Грязный и грубый самнит, достойный низменной доли.
Если это так, то допустит ли муж, рожденный для славы, чтобы в душе его хоть что-то оставалось вялое, не укрепленное учением и разумом? Жестоки гладиаторские зрелища, многим они кажутся бесчеловечными, и, пожалуй, так оно и есть – по крайней мере, теперь; но когда сражающимися были приговоренные преступники, то это был лучший урок мужества против боли и смерти, – если не для ушей, то для глаз.
XVIII. (42) Об упражнении, привычке, навыке я уже сказал; теперь, если угодно, посмотрим, какое отношение имеет к этому разум.
– Мне ли тебя перебивать? И не подумаю – так убедительны для меня твои речи.
– Итак, зло боль или не зло, об этом пускай судят стоики с их мелочным крючкотворством, ничего не говорящим нашим чувствам; пусть они и доказывают, будто боль – не зло. А я лишь думаю, что не все, что есть, – таково, каким оно кажется; больше того, я говорю, что именно ложным видом и сущностью вещей чаще всего бывают смущены людские умы; потому и полагаю я, что всякая боль переносима.
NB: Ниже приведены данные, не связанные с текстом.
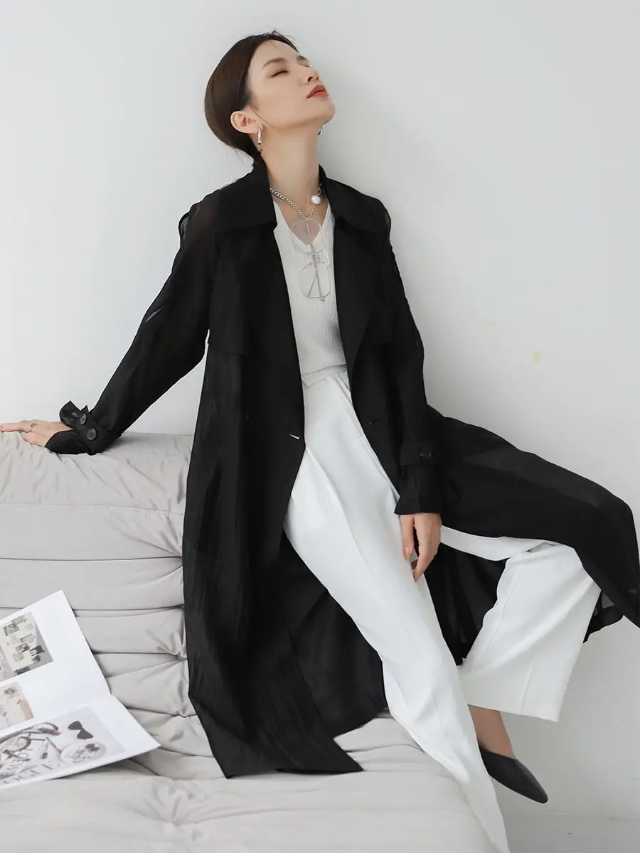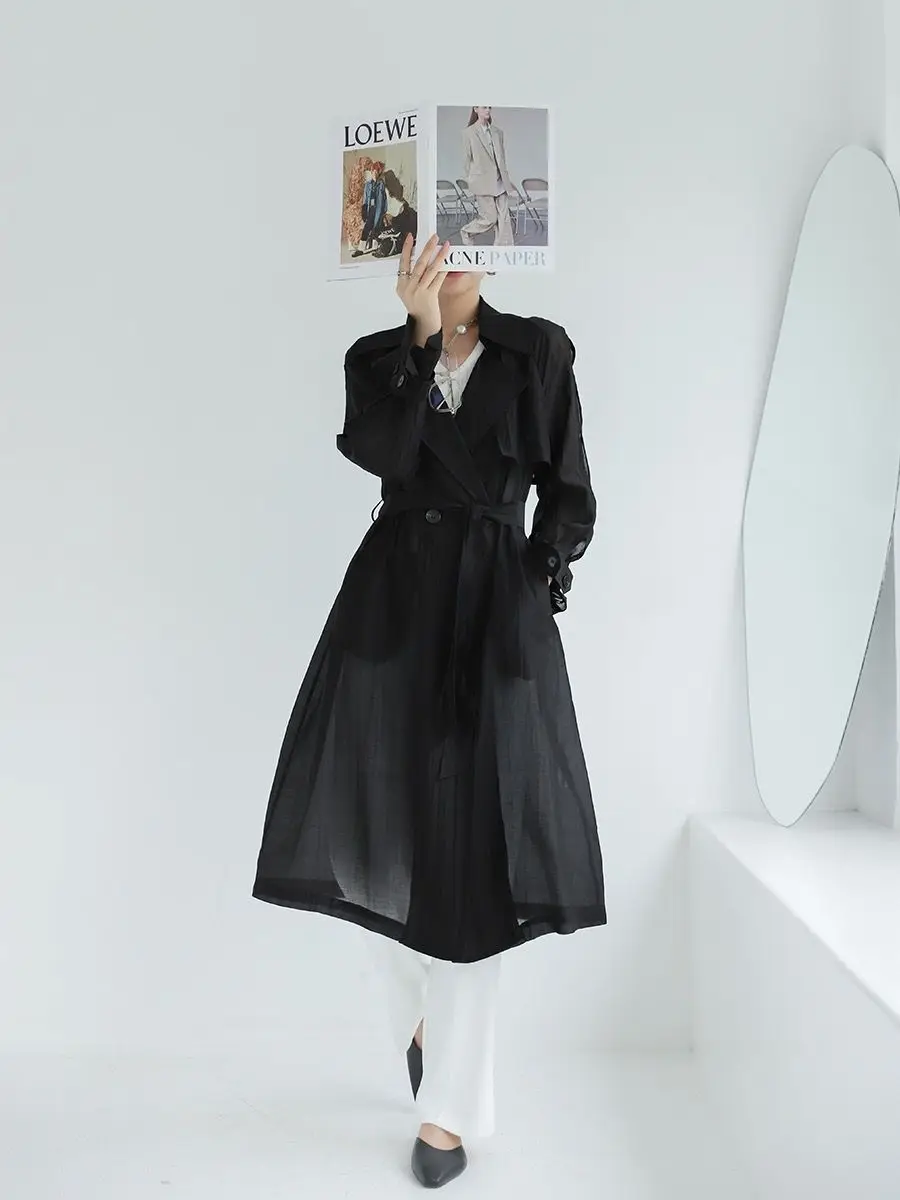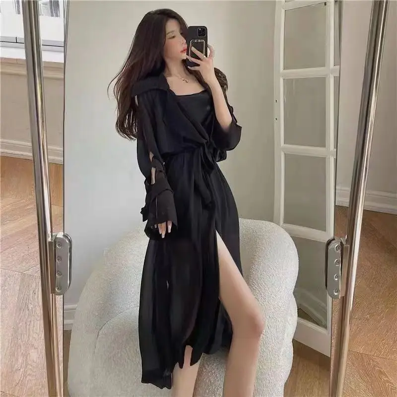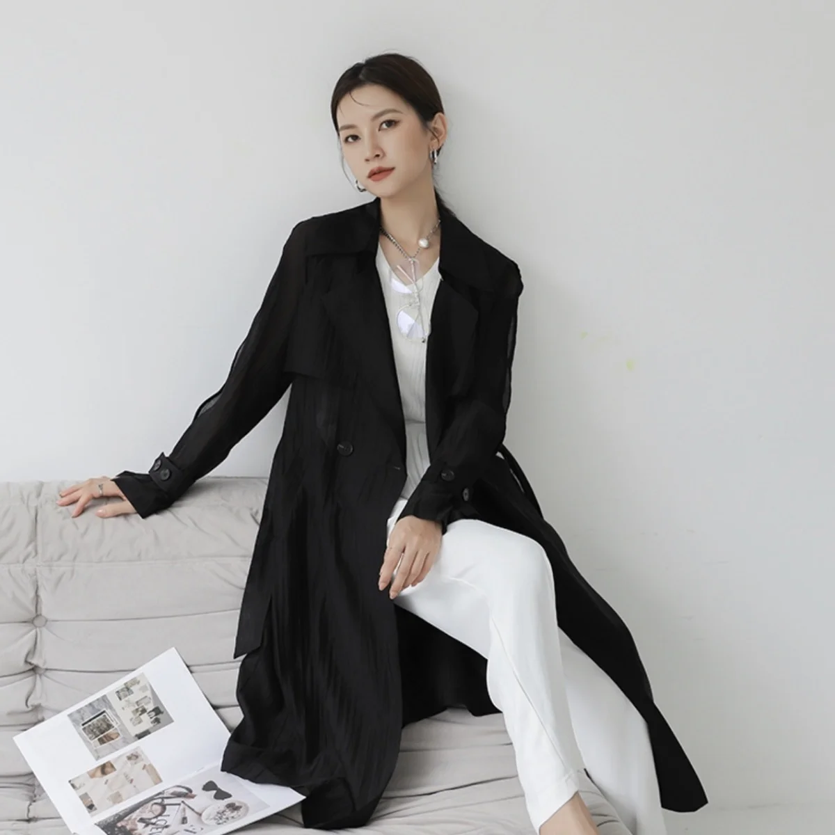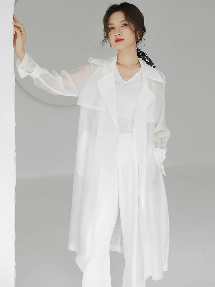 المرأة معطف واقية من الأشعة فوق البنفسجية ، والأزياء الكورية ، وقميص نمط رقيقة وبلوزة ، والملابس النسائية ، والخريف ، والصيف ، جديد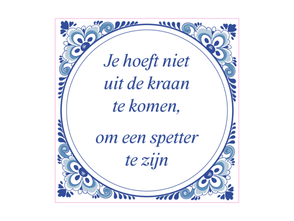 Je hoeft niet uit de kraan te komen, om een spetter te zijn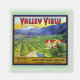 étiquette vintage de caisses de fruits de Claremont, Los Angeles, Californie. Superbes montagnes enneigées, orangeraies et citronniers, vallée et eau au loin et une belle maison de style espagnol. Valley View est coloré, dynamique et unique.
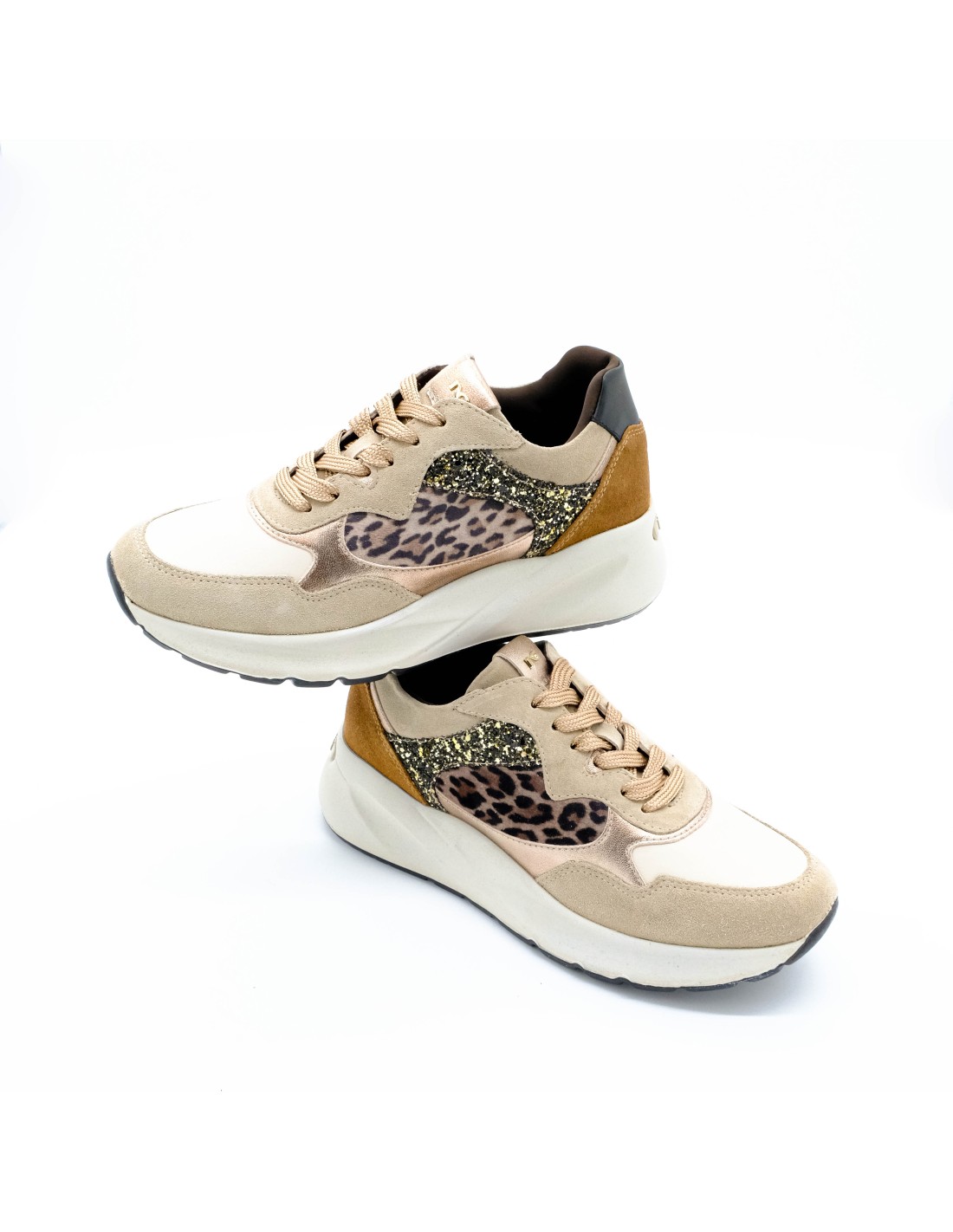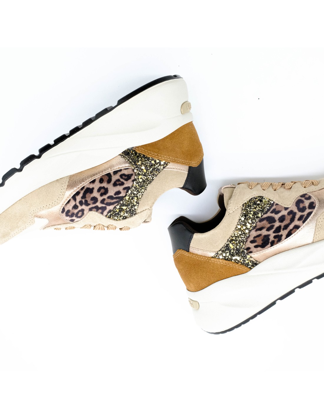 La tomaia è arricchita da inserti glitterati e dettagli animalier, per un mix di sportività e stile contemporaneo.

С чего же мне начать? Не напомнить ли вкратце о том, что уже сказано, – чтобы дальше речь пошла пространнее и легче? (43) Всякий знает, и ученый и неученый, что мужи сильные, высокого духа, терпеливые, победившие в себе людские слабости, переносят боль гораздо более стойко; и никто до сих пор не отрицал, что такая стойкость достойна похвалы. Если от людей мужественных мы этого ждем и это в них хвалим, то не стыдно ли нам самим бояться боли наступающей и не переносить боли наступившей? Кроме того, заметь, что хотя все хорошие качества души называются добродетелями (virtutes), слово это подходит не ко всем, а перенесено на все от одной, самой главной: ведь слово virtus происходит от слова vir (муж), а в муже первое качество – мужество, а в мужестве два главных проявления: презрение к смерти и презрение к боли. И то и другое должно быть при каждом из нас, если только мы хотим быть добродетельны, то есть хотим быть мужами: ведь слово virtus – от слова vir. Как же этого достичь, спросишь ты, и будешь прав: средство достичь этого обещает нам философия.
XIX. (44) Но вот является Эпикур, человек недурной и даже превосходный; что он разумеет, тому и учит. Он говорит: «Пренебрегай болью!» От кого я это слышу? От того, кто сам объявил боль предельным злом. Где же тут последовательность? Послушаем его. «Если боль – предельная, – говорит он, – то она должна быть кратковременна». – «Повтори, повтори еще свои слова, а то я не совсем понимаю, что у тебя предельное и что кратковременное». – «Предельное – то, что выше всего, кратковременное – то, что быстрее всего. Вот я и презираю силу боли, от которой ее кратковременность защищает меня чуть ли не раньше, чем она наступит». – «А если эта боль такая, как у Филоктета?» – «Что ж, это боль очень сильная, однако же не предельная: болит у него только нога, а глаза, голова, грудь, внутренности, и все остальное – здоровы: стало быть, это далеко еще не предельная боль; стало быть, продолжительная боль даже содержит в себе больше удовольствия, чем тягости». (45) Ну, коли так, то я, конечно, не могу о таком великом человеке сказать, что он глуп, но скажу лучше, что он потешается над нами. Высшую боль я вовсе не считаю краткою («высшей» я ее называю, даже если есть боль на десять атомов сильнее) – я мог бы перечислить многих славных мужей, которые долгие годы испытывали величайшие мучения от подагры. Ведь хитрый Эпикур нигде не определяет ни меру силы, ни меру краткости боли, чтобы оставалось непонятно, что он считает предельной силой и что – предельной краткостью. Оставим же его разглагольствовать, ничего не говоря толком: а сами признаемся, что не у того нам надо искать лекарства против боли, кто провозглашает боль худшим из всех зол, хотя бы сам он и проявлял мужество, страдая животом и задержанием мочи.